Carpenter to stay at CVB with combined role

Nancy Carpenter is staying at the Columbus-Lowndes Convention and Visitors Bureau for at least a year.

Carpenter announced via press release Thursday afternoon that she had signed a one-year contract with the board. Going forward, she will oversee the operations of CVB and its affiliated nonprofit, the Columbus Cultural Heritage Foundation, in a combined role as CEO.

Carpenter previously held separate positions as executive director of the two organizations, each with separate salaries. In a lengthy executive session at an Aug. 15 meeting, the CVB board — which doubles as the CCHF board — voted not to renew his position on the CCHF.

“What has been done is a contract between the board and (Carpenter) to serve as CEO of CVB with various duties, which roughly matches the duties she had in the previous contract (CVB)” , explained the board of directors of the CVB. Attorney John Brady. “She will serve as CEO at CVB, and she will, without additional compensation, serve as coordinator and advisor to the CCHF Board of Directors.”

Carpenter previously received a combined salary of $121,785, including $102,556 for managing CVB and the balance for managing CCHF. She will now receive $110,556 in her new role as CEO, Brady said.

“Previously, she was a full-time employee of CVB…and had a separate contract with the Foundation on a part-time basis,” Brady said. “Now there is only one contract.”

These two contracts lasted three years. The new combined contract has a duration of one year.

Brady said negotiations have been ongoing with Carpenter over his contract since that August meeting.

“The contract was presented to him after the last meeting, and there were discussions between me as CVB’s lawyer and (Carpenter) about the terms,” ​​he said. “The board allowed me to have these conversations with her and present the contract to her, and it has now been signed by her and President Liz Terry.”

The board will have to formally approve the contract by Oct. 1, he said.

Liz Terry

“We are thrilled that Nancy will continue her dual role,” Terry said in the press release. “She did a wonderful job and we are happy for Columbus and Lowndes County.”

“It’s a great time in Columbus, Mississippi,” Carpenter said in the press release. “Visit Columbus and the Visitor Center teams are excellent, and we look forward to continuing their work together.”

Carpenter declined to comment further on Thursday afternoon, telling The Dispatch via text that she was flying to Washington, D.C.

Carpenter took over at CVB and CCHF in 2011. His contracts with both organizations were last renewed in 2019.

The CCHF is a non-profit organization affiliated with the CVB that oversees the Tennessee Williams Home, among other responsibilities. He also played a key role in the annual spring pilgrimage to the city’s pre-war homes.

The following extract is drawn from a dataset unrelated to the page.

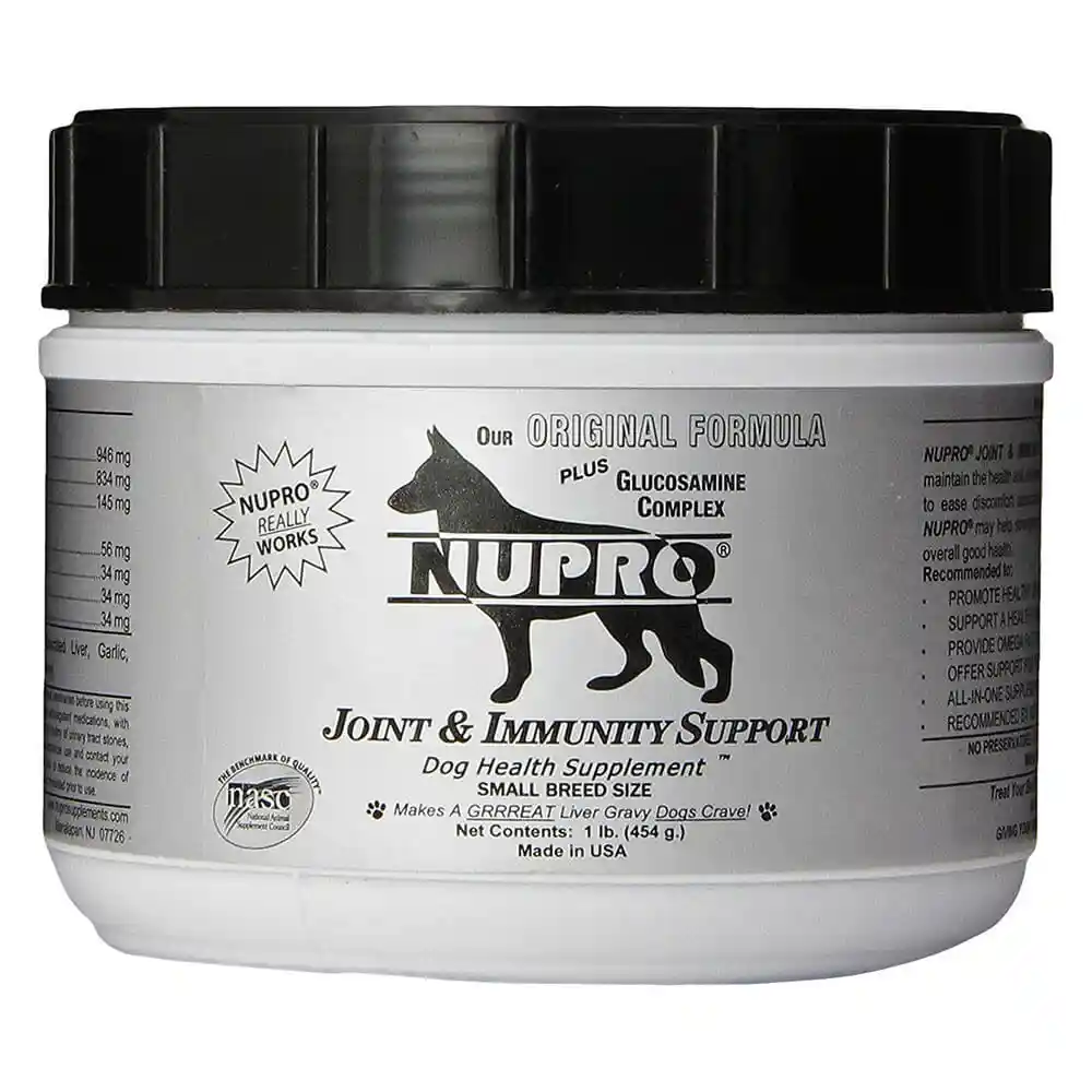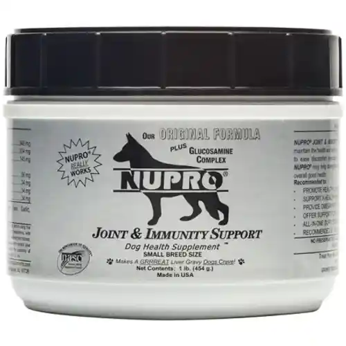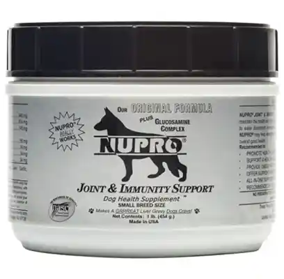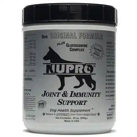 NUPRO Joint & Immunity Support Dog Health Supplement adds Glucosamine Complex, MSM, and Ester-C to enrich our Original "Gold" Formula, especially for the Active and/or Senior animal. Your dog now has the benefit of a scientifically balanced combination of select ingredients specifically formulated to support normal joint structure, function and flexibility as well as promote optimal overall health and well-being.

In 2019, the Preservation Society of Columbus, made up of historic owners, informed the CVB that they wanted to take over the touring portion of the houses of the Spring Pilgrimage. This year was the first time the CPS-led pilgrimage had taken place, after visits were canceled during the COVID-19 pandemic.

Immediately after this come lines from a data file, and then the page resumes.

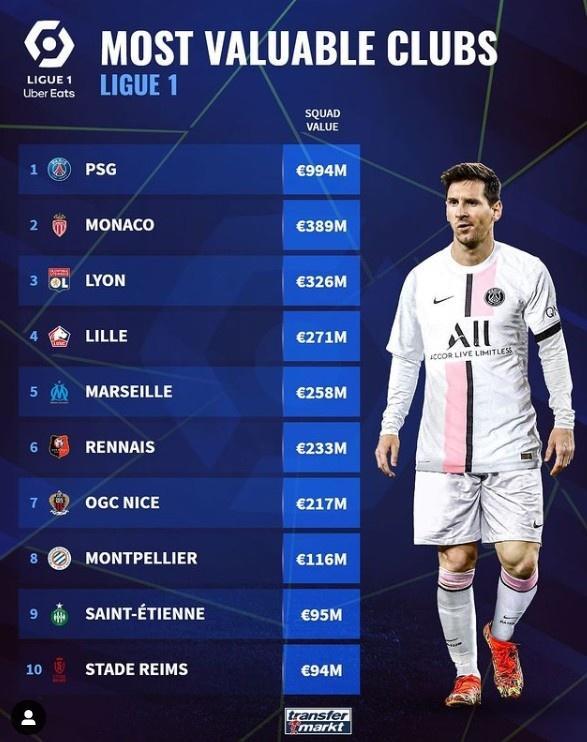 24直播网讯 今日,《转会市场》统计了法甲俱乐部身价榜,巴黎以9.94亿独自领跑,高于二到四名的总身价之和。
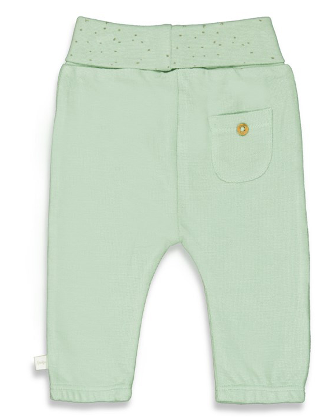 Süße, schlicht gehaltene Hose aus weichem Bio Baumwoll Frottee mit breitem Schlupfbund in einem zarten Mint Ton, für kleine Jungen und Mädchen, von dem Niederländischem Babymode Label FEETJE.
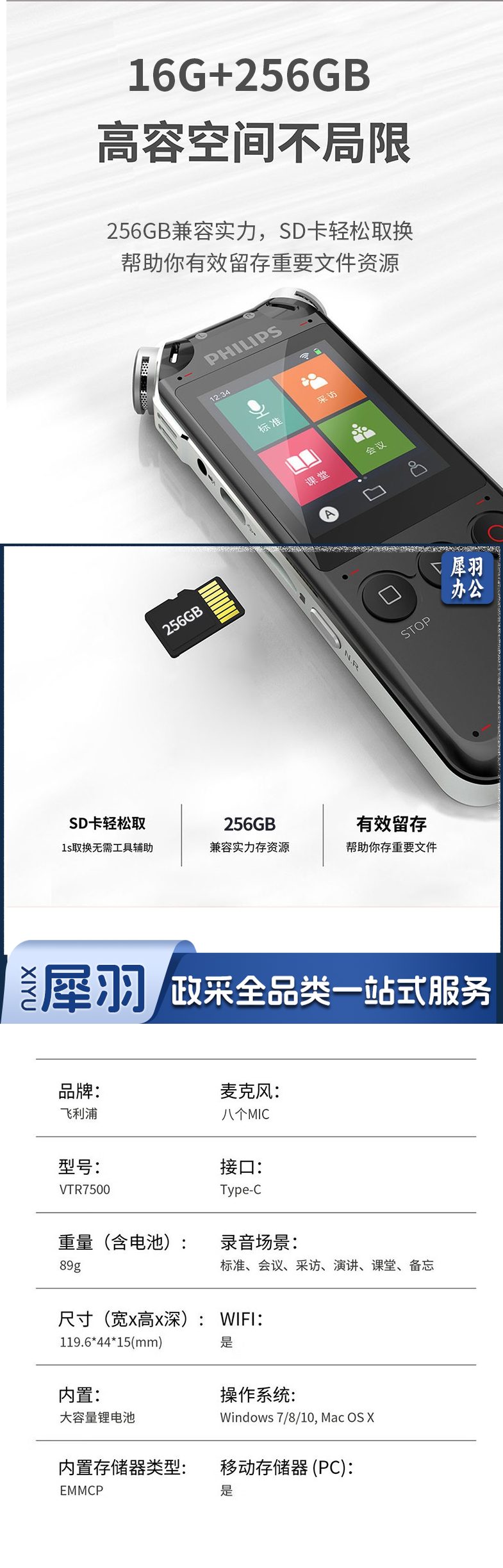 飞利浦录音笔(PHILIPS)录音笔 VTR7500 16GB 语音转文字 录音笔八麦克专业高清降噪录音笔 旗舰智能AI一体机

Carpenter’s contract had been discussed at several meetings over the summer. The subject was raised at the June 27 meeting of the CVB, but no action was taken. The dispatch reported at the time that the board was considering splitting the directorships of the CVB and CCHF, as well as reducing the terms to one year.

Contract talks resumed at a special meeting on July 13, but no action was taken.

Brian Jones is the local government reporter for Columbus and Lowndes County.